§ **PROBLEM**: Without including any images, repeat the data exactly.

§ **RAW DATA**:
===

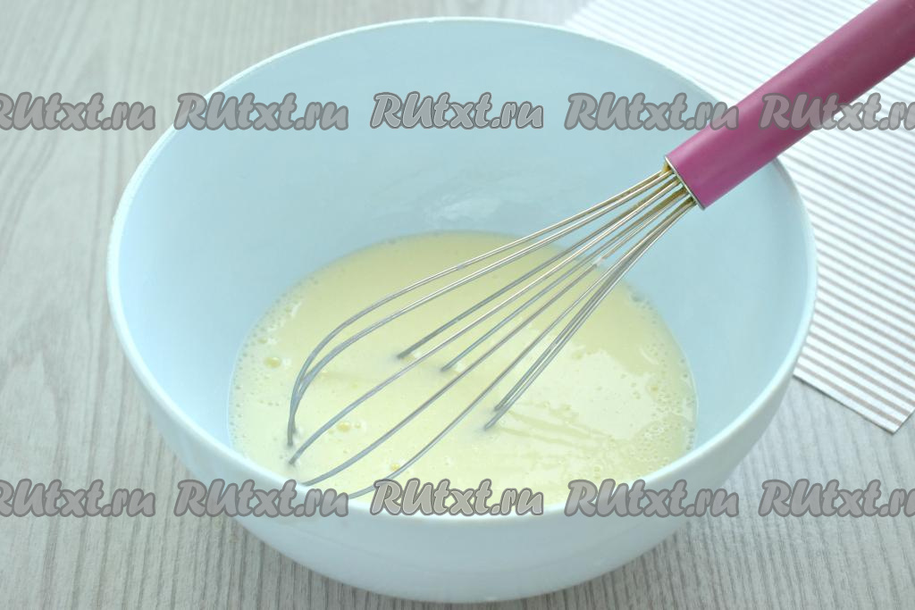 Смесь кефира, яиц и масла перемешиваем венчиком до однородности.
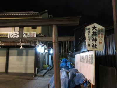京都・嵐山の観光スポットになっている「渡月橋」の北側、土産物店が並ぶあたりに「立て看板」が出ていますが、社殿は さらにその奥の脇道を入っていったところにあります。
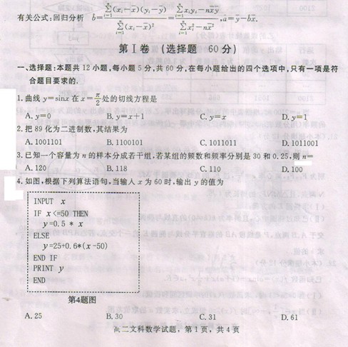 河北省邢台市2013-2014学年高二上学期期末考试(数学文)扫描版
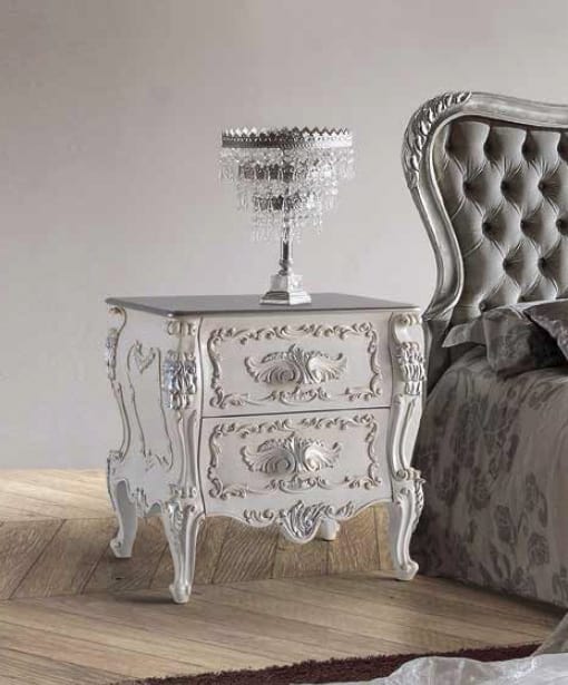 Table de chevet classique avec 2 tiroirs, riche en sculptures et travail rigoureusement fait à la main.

===

§ **RESULT OF THIS TASK**:
 Смесь кефира, яиц и масла перемешиваем венчиком до однородности.
京都・嵐山の観光スポットになっている「渡月橋」の北側、土産物店が並ぶあたりに「立て看板」が出ていますが、社殿は さらにその奥の脇道を入っていったところにあります。
 河北省邢台市2013-2014学年高二上学期期末考试(数学文)扫描版
 Table de chevet classique avec 2 tiroirs, riche en sculptures et travail rigoureusement fait à la main.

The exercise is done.